Helper method to wrap an iterable with progress tracking.

Parameters:

tasks – Iterable of tasks to process
description – Description for the progress bar
show_progress – Whether to show progress (defaults to True)

Yields:

Items from the tasks iterable while updating progress

maybe_modify_loaded_hf_weight( hf_param: str | dict[str, str], hf_state_dict: Mapping[str, torch.Tensor], ) → torch.Tensor#

Load weights from HuggingFace state dict. This function can be overridden by subclasses to preprocess the HF weights before conversion, such as renaming certain parameters to avoid mapping conflicts, or dequantize the weights.

Note that loading is done lazily before this function is called, so the weights are actually loaded in this function when hf_state_dict.getitem is called.

Parameters:

hf_param – The parameter name or dictionary of parameter names to load.
hf_state_dict – The HuggingFace state dictionary.

Returns:

The loaded weights.

maybe_modify_converted_hf_weight( task: bridge.models.conversion.model_bridge.WeightConversionTask, converted_weights_dict: Dict[str, torch.Tensor], ) → Dict[str, torch.Tensor]#

Modify the converted weights after conversion.
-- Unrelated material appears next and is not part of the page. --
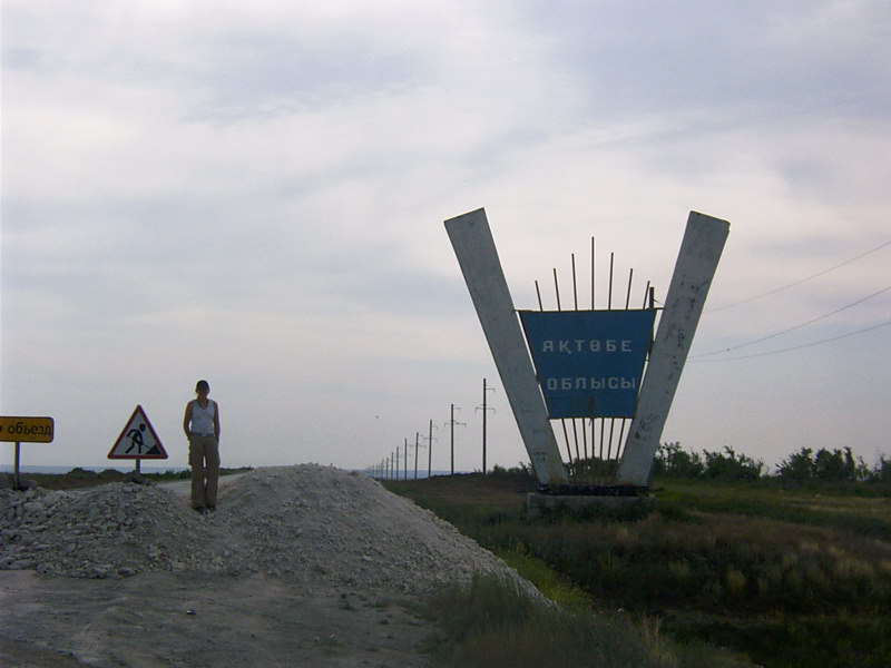 15.06.05 Was für eine Nacht. Um halb zwölf wird plötzlich unsere Zimmertür aufgeschlossen und gleich wieder zugemacht. Ich sitze senkrecht im Bett. „Was soll sein“, murmelt Jochen, „da wird sich einer vom Personal in der Tür geirrt haben.“ Ich kann trotzdem den Rest der nacht kaum schlafen, während der Herr selig weiterschnarcht. Zur Sicherheit schiebe ich unseren Mülleimer vor die Tür, damit wir den Einbrecher beim nächsten Mal hören. Entsprechend unausgeschlafen beginne ich den Tag. Einräumen, Auschecken und ab vom Hof. Jetzt noch schnell ein wenig Wasser und Lebensmittel eingekauft und endlich kann es weitergehen. Denkste – alle 500m eine Polizeikontrolle – zielsicher werden immer wir heraus gewunken und neugierig befragt. Irgendwann hat Jochen die Schnauze voll: „piet (fünf) kilometer, piet kontroll – spinnt Ihr hier total?“. Der Polizist guckt etwas irritiert, will dann aber trotzdem noch mal einen Blick in unser „Mini-Dum“ (=Haus) werfen. Und endlich kann es losgehen nach Aktobe – 470km durch die Steppe. Am Ortsausgang der letzten Ortschaft vor dem Nichts steht ein Englischsprachiges Schild: „Good Luck“. Wie die das wohl meinen? |

By default, no modification is done. This function can be overridden by subclasses to postprocess the converted weights, such as merging the weights of multiple experts or quantizing the weights.

Parameters:

task – The WeightConversionTask object
converted_weights_dict – The converted weights dictionary.

Returns:

The modified weights dictionary.

load_weights_hf_to_megatron( hf_pretrained: bridge.models.conversion.model_bridge.HFPreTrained, megatron_model: Union[bridge.models.conversion.model_bridge.MegatronModel, List[bridge.models.conversion.model_bridge.MegatronModel]], allowed_mismatched_params: Optional[List[str]] = None, ) → List[bridge.models.conversion.model_bridge.MegatronModel]#

Load HuggingFace weights into Megatron models.
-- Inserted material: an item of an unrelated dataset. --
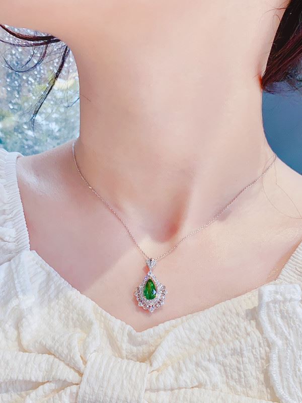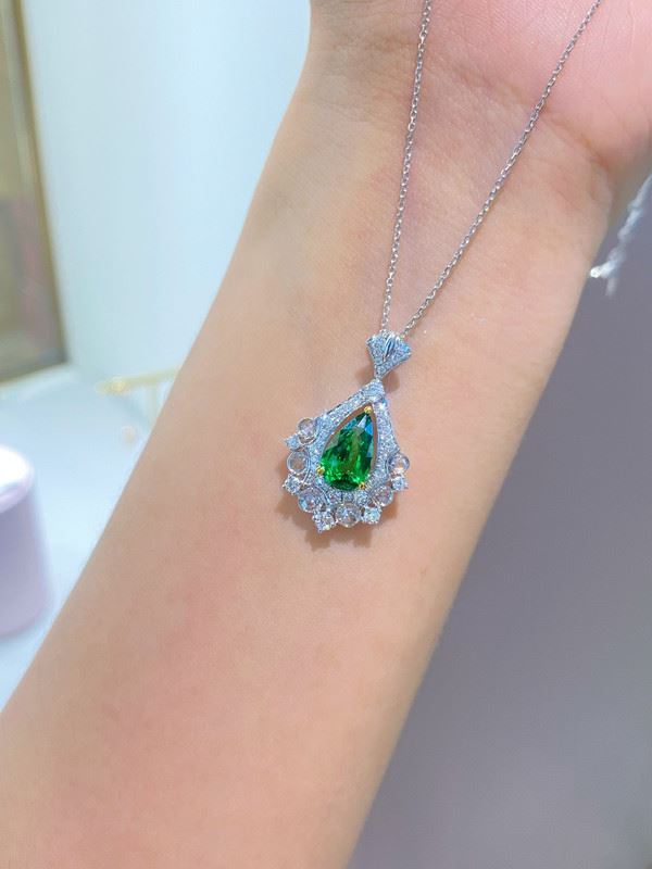 A natural unheated tsavorite gemstone in a vivid green teardrop cut sits at the center, encircled by sparkling diamonds in a floral-inspired halo. The elegant pendant design radiates sophistication and the brilliance of nature.Main stone: 1.67ct, side diamonds: 0.697ct. Note: Comes with a GUILD certificate.

This method orchestrates the complete weight loading process from HuggingFace format to Megatron’s distributed format. It builds a conversion task and executes it with proper progress tracking and error handling.

The actual weight transformations and distribution are delegated to the appropriate MegatronParamMapping instances based on the state mappings.

Parameters:

hf_pretrained (HFPreTrained) – HuggingFace model or state source containing the weights to load.
megatron_model (Union[MegatronModel, List[MegatronModel]]) – Megatron model instance or list of model instances (one per virtual pipeline stage).
allowed_mismatched_params (Optional[List[str]]) – List of parameter names or patterns to allow mismatch (skip instead of raise error).

Returns:

The input megatron_model as a list with loaded weights.

Return type:

List[MegatronModel]

Process:

Build a task mapping each Megatron parameter to its source
For each parameter in the task:
- Fetch source weights from HuggingFace state
- Apply format transformation via the param mapping
- Distribute to appropriate TP/PP ranks
- Copy into the Megatron parameter

.. rubric:: Example

.. code-block:: python

hf_model = PreTrainedCausalLM.from_pretrained("gpt2")
megatron_model = create_megatron_model()  # Single model or list
bridge.load_weights_hf_to_megatron(hf_model, megatron_model)

.. note::

Progress is shown only on rank 0 to avoid cluttered output in distributed environments.

Raises:

ValueError – If hf_pretrained doesn’t have state attribute or if weight shapes don’t match.
AttributeError – If required HF weights are missing.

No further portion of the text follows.